All seemed well, and Kate again began to plan for the future, enrolling in two subjects as a distance education student for 1st Semester 2010. For her 22nd birthday, all she wanted was an “ordinary day” – the first birthday for some years that had not been spent in or near hospitals recovering from or about to undergo surgery. Around this time, she started to develop slight headaches, but these were put down to getting back into studying. Over the next few weeks, the headaches increased in intensity and frequency.
On 4 March 2010, as Kate was returning home to Uralla after a check-up, she was in such pain that she had to get off the train at Hornsby and was taken to hospital. An MRI and other tests on Friday confirmed her worst fears: the melanoma had moved to the brain, with four largish lesions discovered. Even then, there was still hope that the lesions could be surgically removed and an appointment was made with a neurosurgeon for the following Thursday. In the meantime, Kate was told to remain in Sydney, close to Westmead Hospital.
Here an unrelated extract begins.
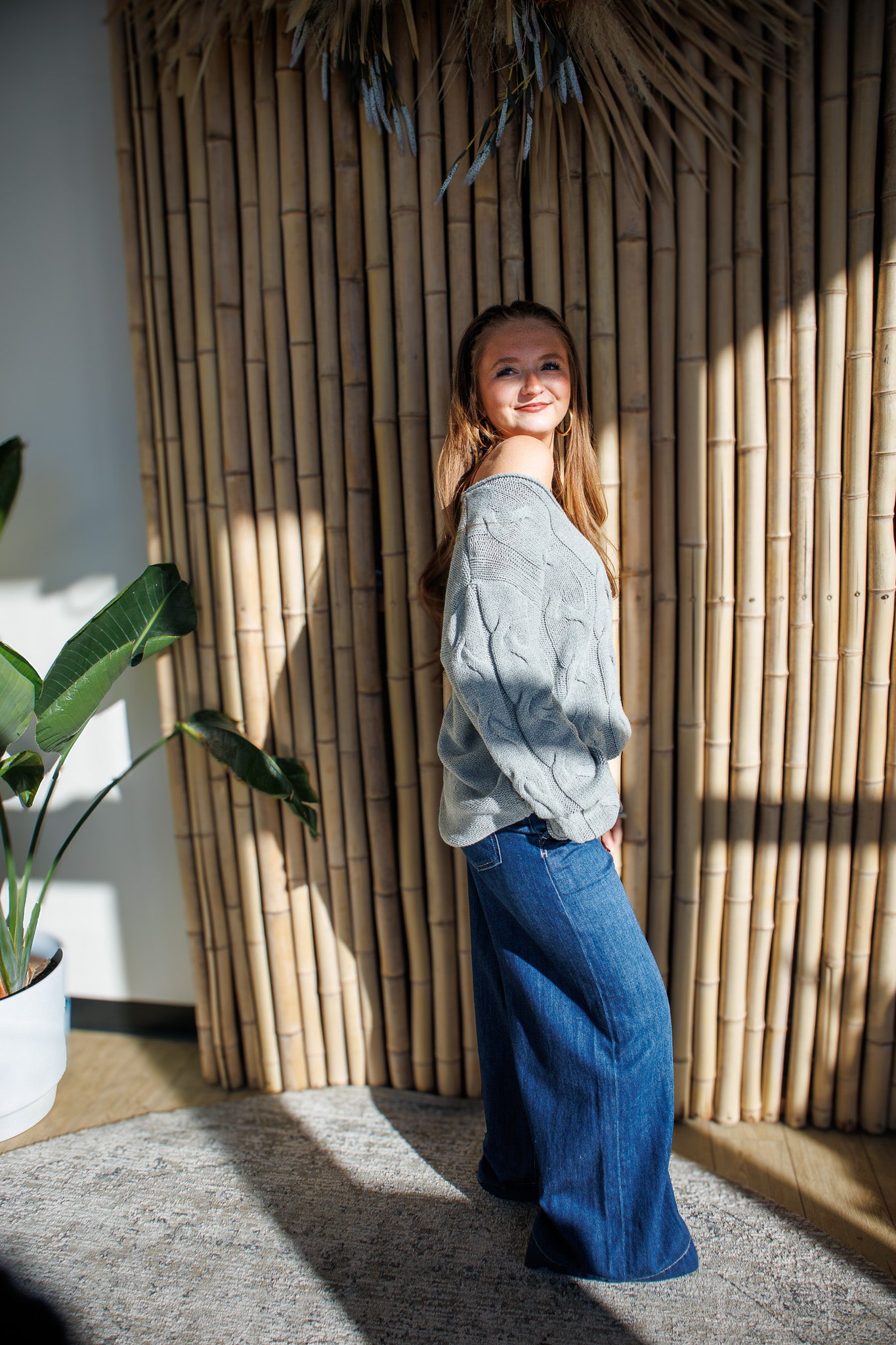 Tilly Oversized V Neck Cable Sweater - GRAY Crafted from a substantial cable knit, this oversized sweater delivers textural depth and enduring appeal. The relaxed V neckline elongates the silhouette while the slouchy fit provides effortless layering versatility. Finished with a rolled hem for a refined, intentional edge, this piece transitions seamlessly from casual weekends to elevated basics.

On the Sunday, despite heavy-duty drugs, the headache intensified and Kate developed uncontrollable vomiting. She was admitted to Westmead’s High Dependency Unit on Monday, with things looking pretty grim. On Tuesday, after a reasonable morning, Kate’s condition worsened and that night she had a nasty bleed. On Wednesday, Jo called Dave and Jen down to Sydney to be with Kate. At this time, we were also advised that surgery would not be possible, but radiotherapy was an option.
Kate, Dave, Jen and Jo had a great day on Thursday just being together. Kate’s condition had improved, but this was only short-lived. On Friday, after being measured for the radiation treatment that was scheduled to start the following Monday, Kate’s condition again went downhill.
On Saturday morning at around 2.30am, Kate suffered a massive bleed and slipped into a coma.
Half an hour later, with Dave, Jen and Jo at her side, and Jeff Buckley’s rendition of “Satisfied Mind” playing on her iPod, Kate lost her life to the most insidious of cancers: bloody melanoma.